The pulsed fast neutron analysis (PFNA) cargo inspection system (CIS) uses a nanosecond pulsed beam of fast neutrons to interrogate the contents of small volume elements -- voxels -- of a cargo container or truck. A color display shows the three-dimensional location of suspected contraband, such as drugs or explosives. The neutrons interact with the elemental contents of each vowel, and gamma rays characteristic of the elements are collected in an array of detectors. The elemental signals and their ratios give unique signatures for drugs and other contraband. From the time of arrival of the gamma rays, the position of the vowel within the truck is determined. The PFNA CIS is designed to scan five or more trucks per hour. The operator interface has been designed to assist in the rapid identification of drugs, explosives or other contraband.
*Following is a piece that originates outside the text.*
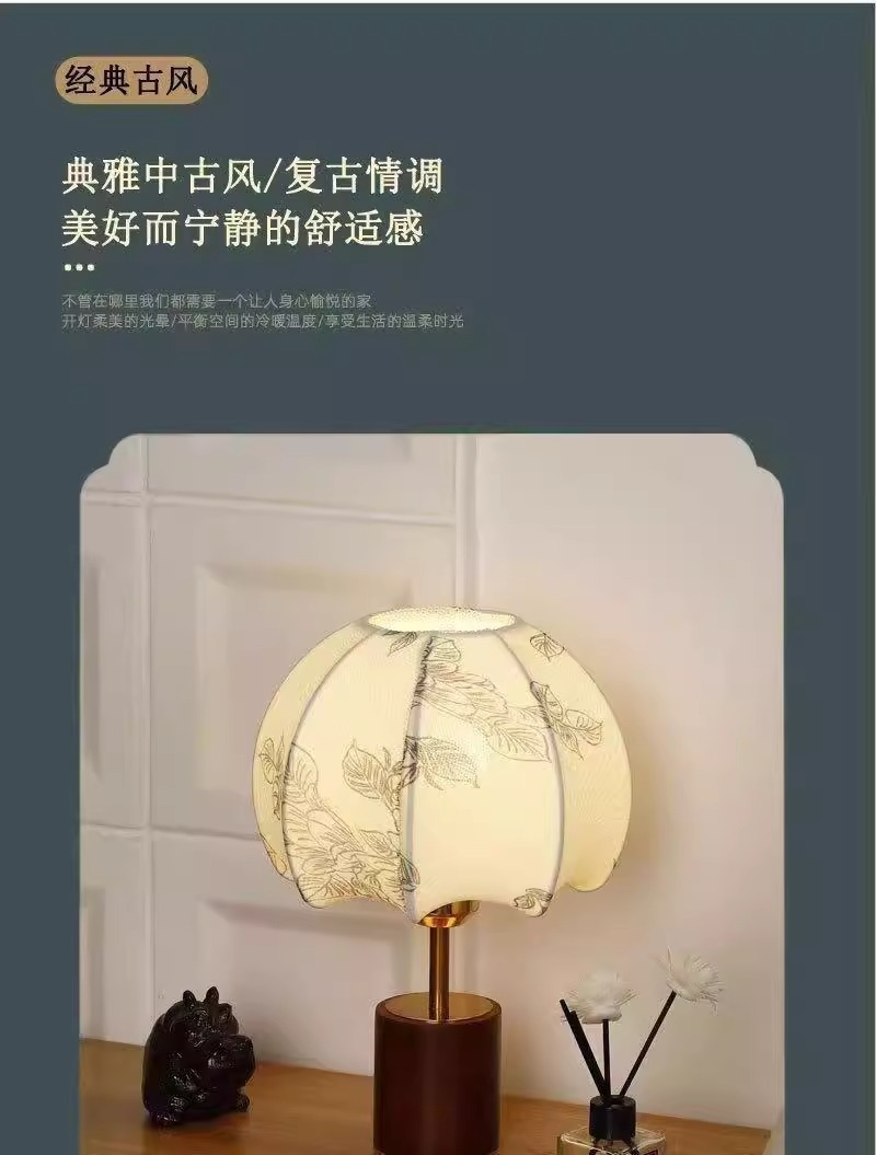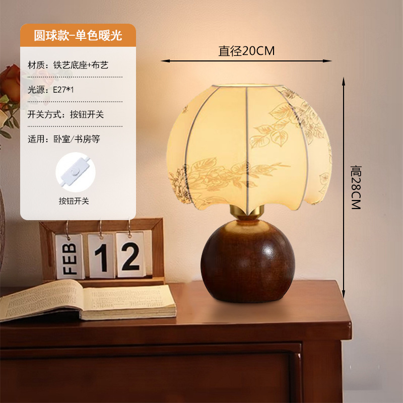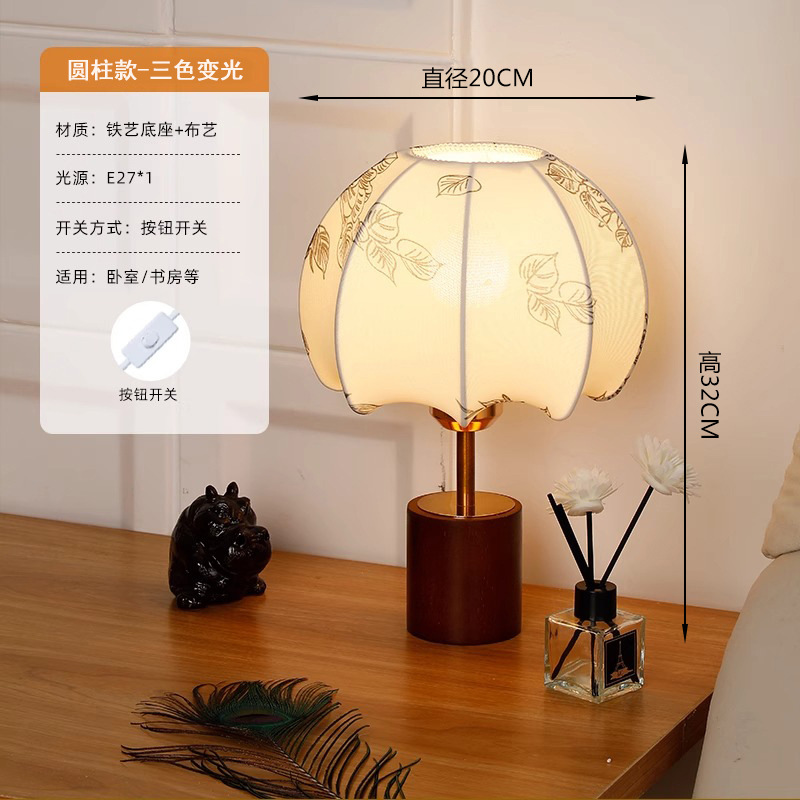 복고풍 침실 테이블 램프, 중세 스타일의 인쇄 패브릭 침대 옆 테이블, 야간 조명, 거실 서재, 고급 분위기의 침대 옆 램프

This paper describes the system and the tests for drugs and explosives that have been carried out during the past year. These tests were aimed at exploring the envelope of performance of the system.

Paper Details

Date Published: 6 February 1997
PDF: 9 pages
Proc. SPIE 2936, Physics-Based Technologies for the Detection of Contraband, (6 February 1997); doi: 10.1117/12.266257
Show Author Affiliations
Douglas R. Brown, Science Applications International Corp. (United States)
Allison Coates, Science Applications International Corp. (United States)
Stelly N. Kuo, Science Applications International Corp. (United States)
Robert Loveman, Science Applications International Corp. (United States)
Ed Pentaleri, Science Applications International Corp. (United States)
Joel C. Rynes, Science Applications International Corp. (United States)


Published in SPIE Proceedings Vol. 2936:
Physics-Based Technologies for the Detection of Contraband
Lyle O. Malotky; John J. Pennella, Editor(s)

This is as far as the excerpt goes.